We will use RAG to enhance the data we send off to the LLM to assess

## Install:

 pip install nltk spacy textblob scikit-learn


### Download English model for Spacy
 python -m spacy download en_core_web_sm  
 



### Next step:
Let's look at some of our data in news.json

In [45]:
import json
import random

# Load the cleaned dataset
with open("news.json", "r", encoding="utf-8") as f:
    news_articles = json.load(f)

# 🔹 CONFIGURATION: Set to True to remove short articles (otherwise, it's OFF)
remove_short_articles = False  # Change to True to enable filtering
min_content_length = 300  # Change this to filter out articles with content length < X

# Count total articles
total_articles = len(news_articles)
print(f"📰 Total articles in news.json: {total_articles}")

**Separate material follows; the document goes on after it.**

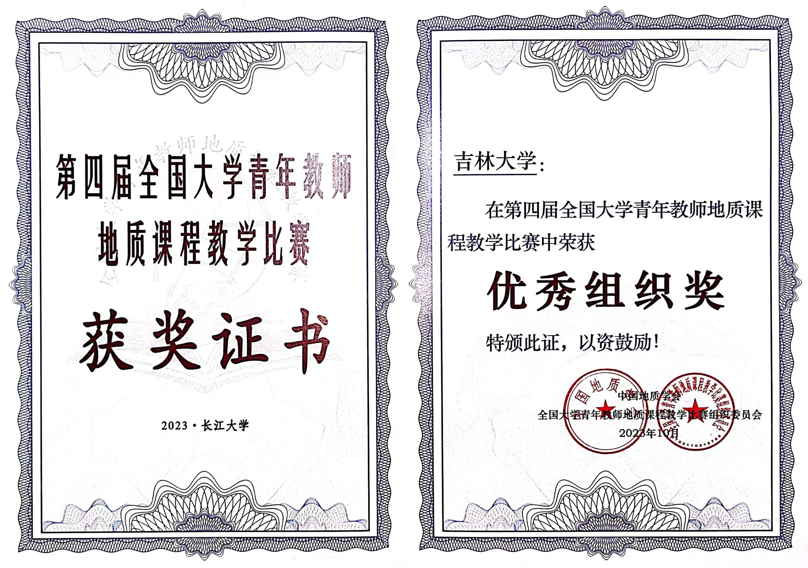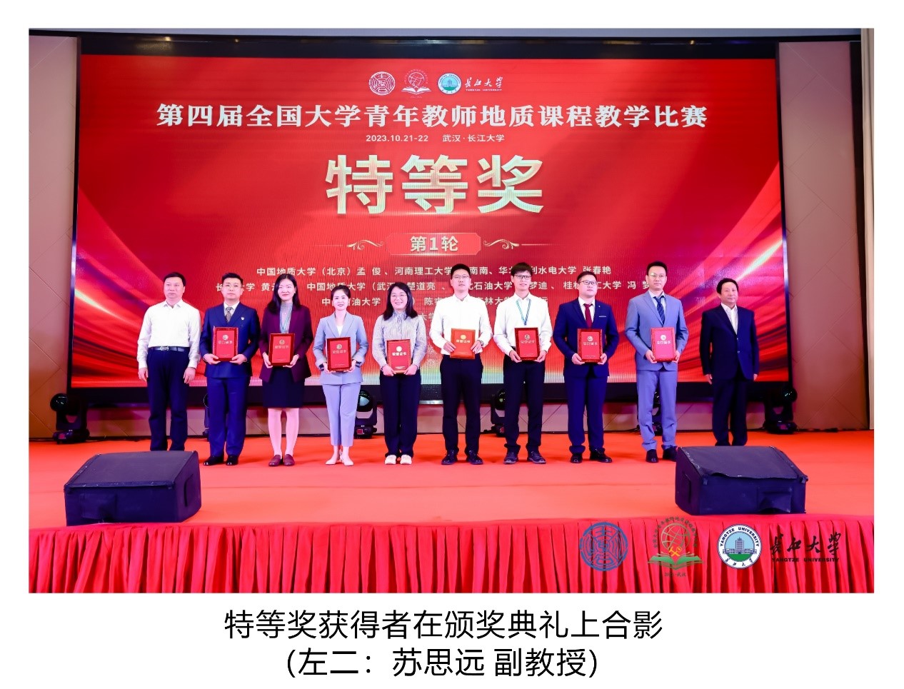 2023年10月21日至22日,由中国地质学会主办,中国地质学会地质教育研究分会、长江大学承办的第四届全国大学青年教师地质课程教学比赛在长江大学举行。我校yl8cc永利官网参赛教师苏思远副教授和张彦龙副教授表现优异,分别荣获“特等奖”和“一等奖”,yl8cc永利官网荣获“优秀组织奖”。

# 🔹 Optionally Remove Short Articles
if remove_short_articles:
    news_articles = [article for article in news_articles if len(article["content"]) >= min_content_length]
    print(f"🗑 Removed short articles. Remaining articles: {len(news_articles)}")

    # Save filtered articles back to news.json
    with open("news.json", "w", encoding="utf-8") as f:
        json.dump(news_articles, f, indent=4)
    print("✅ Filtered news.json saved.")

# Randomly select an article index
if len(news_articles) > 0:
    article_index = random.randint(0, len(news_articles) - 1)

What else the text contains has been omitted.